Ministry

By Mickey Friedman
November 11, 2016

My mother, before she was shipped out as a child to a bunch of foster homes, each one more miserable than the next, did a stint with the Nuns, who tried to beat the stuttering out of her. That combination of sustained cruelty shaped her life and she became strong and independent and extraordinarily kind. But her antipathy to Nuns stuck with me and as we walked our Bronx streets I often had to restrain her from giving the random Nun a piece of her mind.

I inherited her quarrel with God. That He hadn’t taken proper care of my mother haunted me and that anger grew as I saw the suffering of children everywhere around me. All in desperate need of heavenly intervention, all worthy of an angel.

And yet I’ve come to appreciate the role a variety of churches have played in our community lives. There was St. John the Divine, a street away from my slum apartment on 110th Street and Columbus, up that very long block that divided southern Harlem and the poor from the lucky world of Columbia University. The difference between ham and cheese from the bodega or cold cherry soup at The Green Tree Restaurant.

St. John was magnificent and impressive, and it was inspiring, even as a non-believing interloper, to sit in its pews and contemplate the stained glass. So too did I learn to appreciate the bravery of Riverside Church during the early years of the civil rights movement and the struggles against the Vietnam War.

It was impossible during the Sixties not to appreciate the courage of people of faith. When I moved to Monterey and in the early nineteen seventies helped start the Monterey Food Co-op and the Monterey Energy Project, the Monterey Church provided space and encouragement, the church our social center.

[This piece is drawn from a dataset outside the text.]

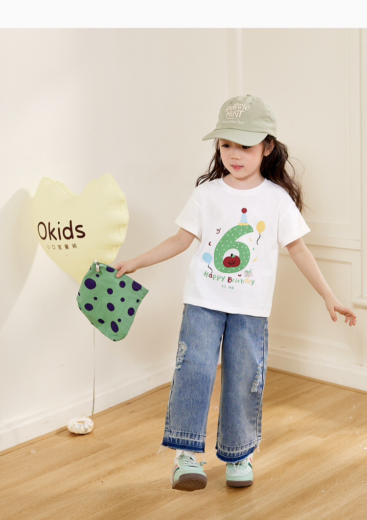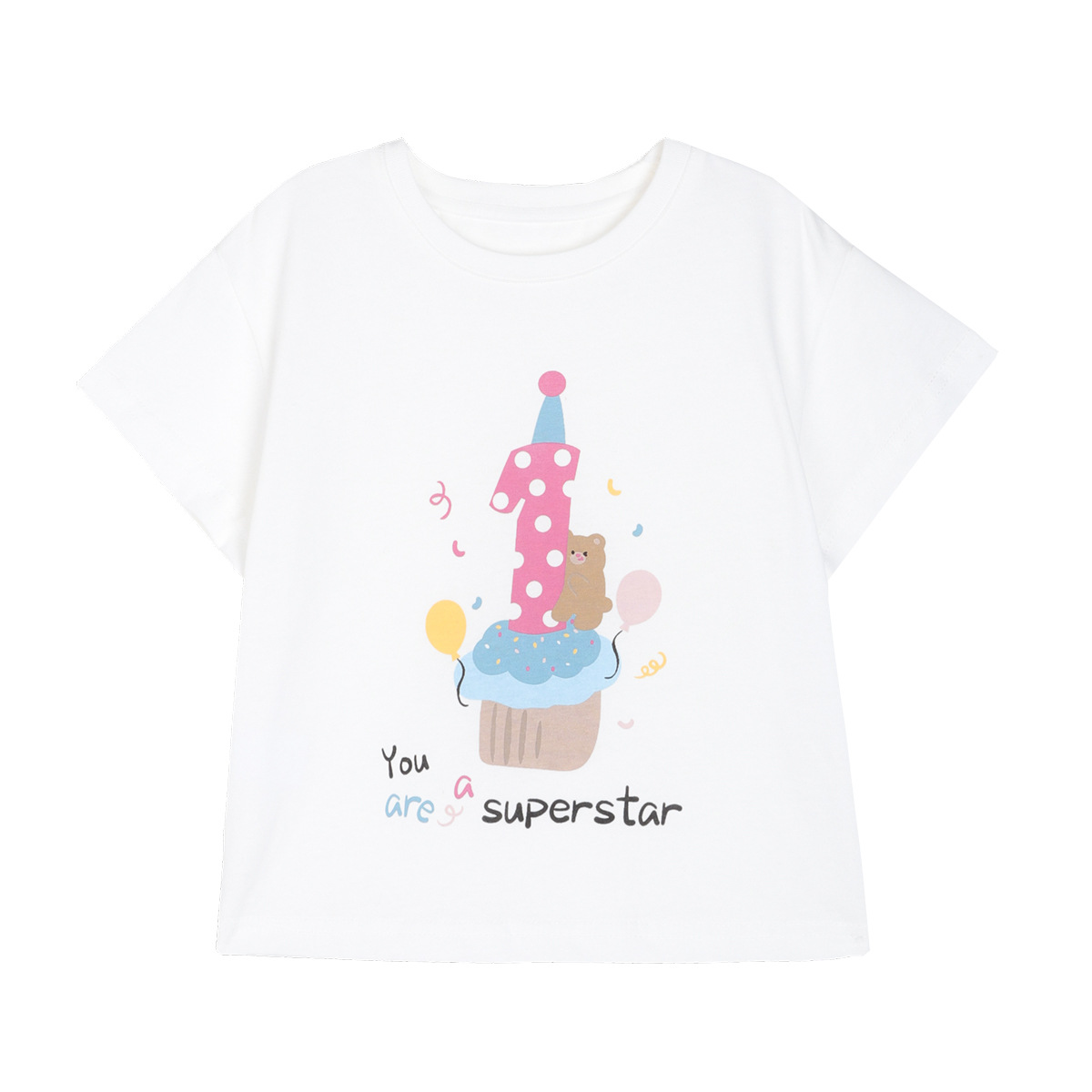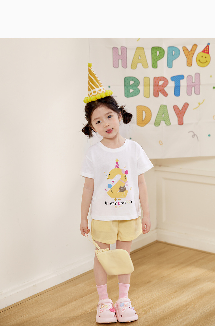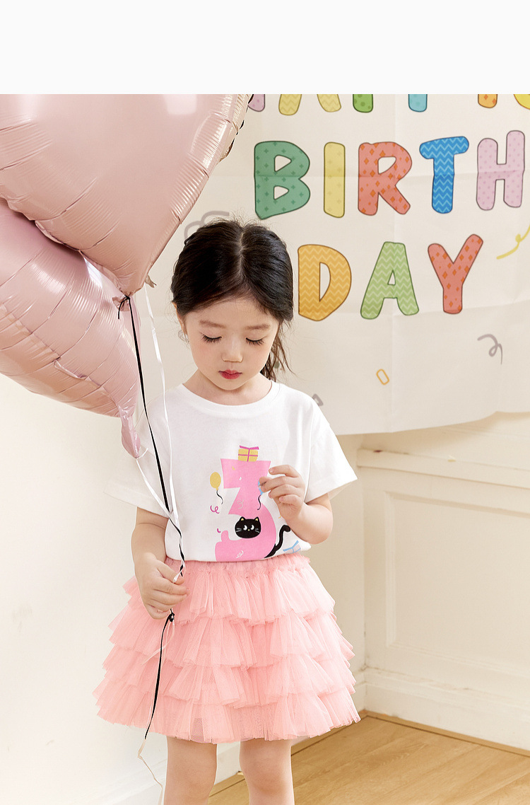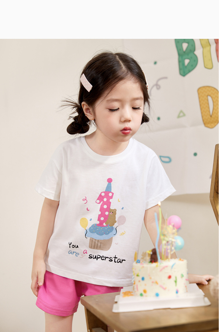 [생일 T] 아동복 베이비 반팔 디지털 티셔츠 여성 2025 여름 새 여자 탑 만화 어린이 트렌드

It was the First Congregational Church in Great Barrington that provided the basement space for the Great Barrington Food Co-op and decades later Pastor Van continues that great tradition of facilitating community conversations about important issues.

And it is Calvary Church on Route 41 that houses Peoples Pantry today.

Ministry is the act of serving. To minister: to function as a minister of religion, or to give aid or service.
And there’s also St. James. James, the son of Zebedee and Salome, one of the twelve apostles, and the first such to be martyred. According to Wikipedia, today’s digital version of the formerly unaffordable encyclopedia, James witnessed Jesus bathed in glorious light and heard him addressed as Son by His disembodied voice. Jesus, it seems, was often annoyed with James, but James was killed by Herod in AD 44 and considered the patron Saint of Spain, his portrait painted by Rembrandt. And more recently celebrated here in Great Barrington by Saint James Church.

The other day I was lucky enough to walk with Sally and Fred Harris in and through their ongoing reconstruction and rehabilitation of our gorgeous St. James. Another local church that had kindly lent its space a decade and a half ago to work we did with the Berkshire Green Alliance. And, like many of you, I’ve been privileged to hear some lovely classical music concerts in the grand hall and many a recital by the Berkshire Children’s Chorus. I’ve attended lectures hosted by the Schumacher Society. That the church had fallen into disrepair and was about to be lost forever was a tragedy thankfully avoided by the extraordinary concern of Sally and Fred Harris.

They are doing several special things to restore and reclaim St. James, including creating three very unique performance spaces, beautiful upstairs offices, and a space for a professional kitchen.

I’ve spent these last many Thursday mornings volunteering with the great Mel Greenberg and his right hand helper, Jurek Zamoski, picking up and delivering food so generously donated from the Big Y and Guido’s (and Mazzeo’s and The Marketplace), from Great Barrington Bagel and the Home Sweet Home Donut Shoppe over to People’s Pantry on Route 71. And so I’m particularly thrilled and moved by the commitment of the Harrises to house People’s Pantry in the basement of St. James.

Right now, we struggle to carry heavy boxes of produce down the narrow stairs of Calvary. And because the church is located out of town, it is difficult for many people without the use of cars to get there.

The new space at St. James will make it so much easier for everyone – there will be no stairs to navigate and the B bus will stop right there. There’s increased space for storage and refrigeration. People’s Pantry will be able to do a better job of helping all those who could use some additional food. And thanks to Sally and Fred Harris, while no longer a functioning church, St. James will continue in a brand new way to minister to our community.